FALSE Explanation: This is a bit of trick question as it has the sneaky ‘cause’ word in. The correlation coefficient is a positive number, suggesting a positive relationship between length of time in prison and aggression. However, causation cannot be inferred from correlation and therefore we cannot know whether time spent in prison CAUSES aggression, and rather we suggest a relationship between the two that as length of time in prison increases, aggression increases.
c 49% The ‘coefficient of determination’ or ‘R-squared’ tells us the proportion or variance in one variable that can be predicted if we know the other variable. We can determine this by squaring the r. Therefore, .72 = .49, R2 = .49.

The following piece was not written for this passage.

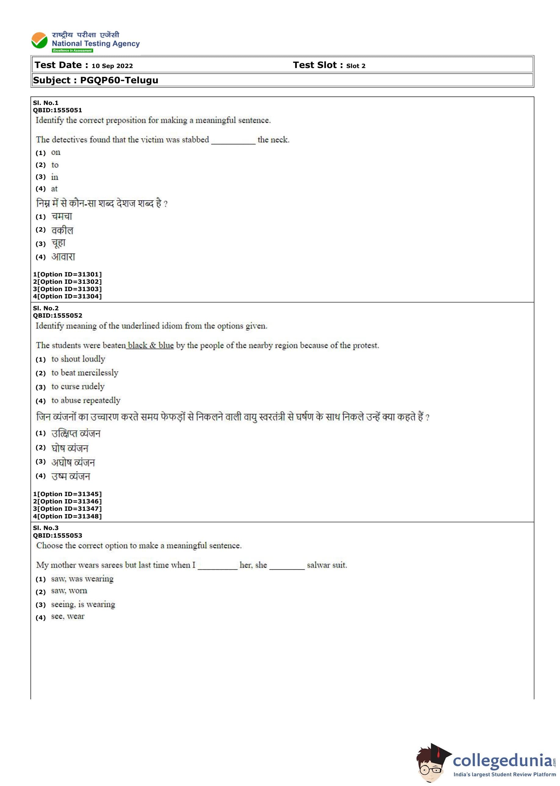 CUET PG Telugu Question Paper 2022 is available for download. CUET PG 2022 Telugu paper was conducted by National Testing Agency (NTA) on September 10, 2022 in Shift 2. The question paper comprised a total of 100 questions.
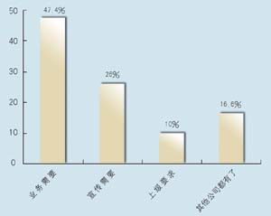 在問到對CRM的熟悉程度方面,有12家表示熟悉,占到63.2%,另有7家表示不熟悉,說明許多企業(yè)已經對CRM有一定了解,不過也仍有相當大的市場空間。其中有8家建立了CRM系統(tǒng),占到42%,計劃建立的有9家,占到47.4%,而有2家表示短期不會建立。從調查發(fā)現,幾乎所有受訪者都接受和認同CRM,盡管有一些企業(yè)還不熟悉,但在調查問卷中對此表現出極大的興趣。在CRM的采購動機上,有9家表示是為了提高業(yè)務,占到將近一半的比例(47.4%),而有5家表示出于企業(yè)宣傳,2家屬于上級主管部門要求,有3家表示是出于同行的示范。調查顯示,企業(yè)獲得CRM的信息來源很廣,最多的是通過報刊雜志的廣告,有6家,占31.6%,而上級推薦和供應商推薦各有4家,各占21%,有兩家是集成商推薦,此外還有3家通過展會獲得相關信息。

2.5.2 Lab activity 2: Constructing scatterplots and calculating correlations
You can download the R-script that contains the code to complete lab activities 2 and 3 here: 122_wk11_labActivities2_3.R.
See R script
See R script
See R script
What can you tell from the scatterplot about the direction of the relationship? There is a negative association between ‘Home’ and ‘TV’. This means that the longer a child spends watching TV, the shorter they will read at home.
Conduct the correlation analysis. See R script
What is the correlation coefficient (Pearson’s r)? r = -.65
What is the p value? p < .001
Is the correlation significant at the p < .05 level? Yes, because the p-value is smaller than .005
What are the degrees of freedom you need to report? 23
How much variance in ‘time spent reading’ can be accounted for by ‘time spent watching TV’? 42%
Write a few sentences in which you report this result, following APA guidelines. Something along the lines of: A Pearson’s correlation coefficient was used to assess the relationship between time spent reading at home and time spent watching TV at home. There was a significant negative correlation, r(23) = -.65, p < .001. As time spent watching TV at home increased, time spent reading at home decreased.
2.5.3 Lab activity 3: More correlations
- See R script
- How many variables does it have? 3
- See R script
- What can you tell from the scatterplot about the direction of the relationship? There is a positive association between ‘hazardous alcohol use’ and ‘impulsivity’. This means that as a participant’s score on ‘hazardous alcohol use’ goes up, their score on ‘impulsivity’ also goes up.
- See R script
- What is the correlation coefficient (Pearson’s r)? r = .54
- What is the p value? p = .014
- Is the correlation significant at the p < .05 level? Yes
- What are the degrees of freedom you need to report? 18
- How much variance in ‘impulsivity’ can be accounted for by ‘hazardous alcohol use’? (Hint: you can use the Console in RStudio as a calculator.) 29%
- Construct a correlation matrix to display the correlation coefficient in a table.
12. Give three logically possible directions of causality, indicating for each direction whether it is a plausible explanation in light of the variables involved (and why). No, this is not a trick question -—I know that correlation does not infer causation, but think critically! New studies/ideas are constructed by thinking what the previous study doesn’t tell us about what could be happening with the variables of interest.
Just really looking for reasoning here.
Examples:
- Being more impulsive may make people consume more alcohol.
- Consuming more alcohol may make people more impulsive.
- An outgoing personality might influence both your level of impulsivity and you are more likely to be socialising in the pub and consuming alcohol. So the same ‘third factor’ may influence both our variables of interest.